The Other McCain

"One should either write ruthlessly what one believes to be the truth, or else shut up." — Arthur Koestler

I Stopped Reading at the Part Where Sully ‘E-Mailed His Four Young Assistants’

Posted on | April 19, 2011 | 43 Comments

Stopped reading and started laughing:

It was noon in Washington, D.C., when the shooting began in Tucson. Across the country, reporters and media executives rushed to cover the story of the gunman, the Congresswoman he shot at close range, and the 14 other victims. But the news couldn’t reach one of the Internet’s most important writers. For Andrew Sullivan, M.P.A. ’86, Ph.D. ’90, the editor of a blog called TheDish.com, the weekend is a time for rest, and having teed up on Friday afternoon a half-dozen evergreen posts for Saturday, he had turned off his communication devices and was sleeping in.
Sullivan had been lightly ill that week, so he slept unusually late, until almost two in the afternoon. Before he was quite ready to deal with the world, he checked his mailbox — and woke up fast. Along with the news of the shooting was an urgent question from readers: Andrew, where are you?
Sullivan winced. He e-mailed his four young assistants: “We have to go cable” — that is, pump out blog posts 24/7. . . .
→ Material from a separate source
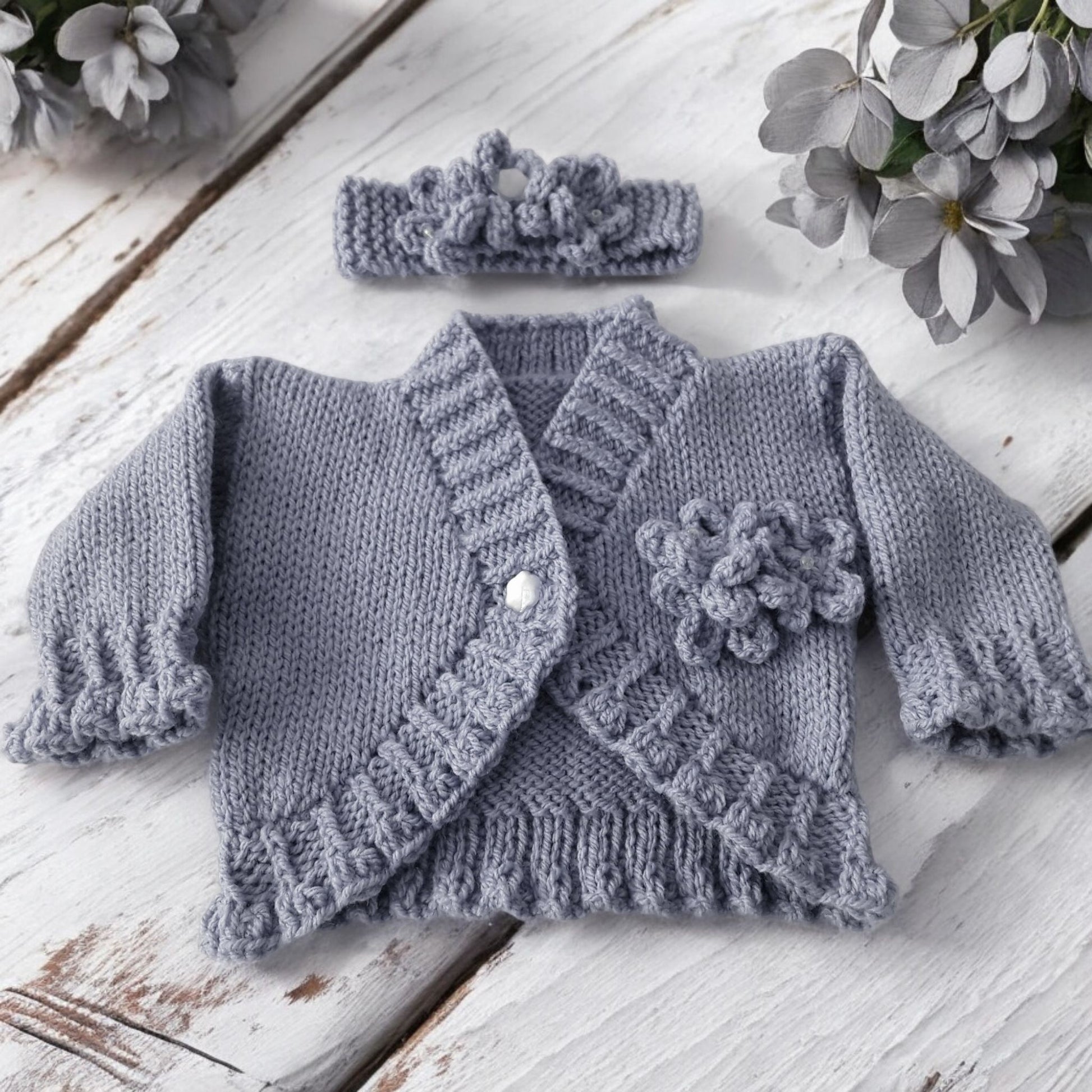 Hand Knitted Bolero Style Girls Cardigan with Knitted Flowers & Matching Headband – Perfect for Spring & Summer

You can read the whole thing.

And then you must — absolutely musthit my tip jar for $20. Not that $20 will go far toward hiring “four young assistants,” but it will replace the shirt I just ruined when I spit coffee all over the place.

UPDATE: Damn that Sissy Willis! She urged me to read more of the article, and I saw this:

“The Dish has twice as many readers as the New Republic and more than National Review,” Sullivan says. And on the Atlantic site, the Dish also ruled. Some days, according to Alexa.com, which measures site traffic on the Internet, the Daily Dish accounted for more than half of the visitors to TheAtlantic.com. In cold numbers: Andrew Sullivan—one blogger, with a small budget and a minimal staff—has presented Tina Brown with a gift of about 1.3 million Internet readers.

More readers than National Review? Really? Who are these people?

UPDATE II: Welcome, Instapundit readers! It’s amazing that Professor Reynolds can run a blog — and he’s kinda successful, you know — without “four young assistants” at his beck and call.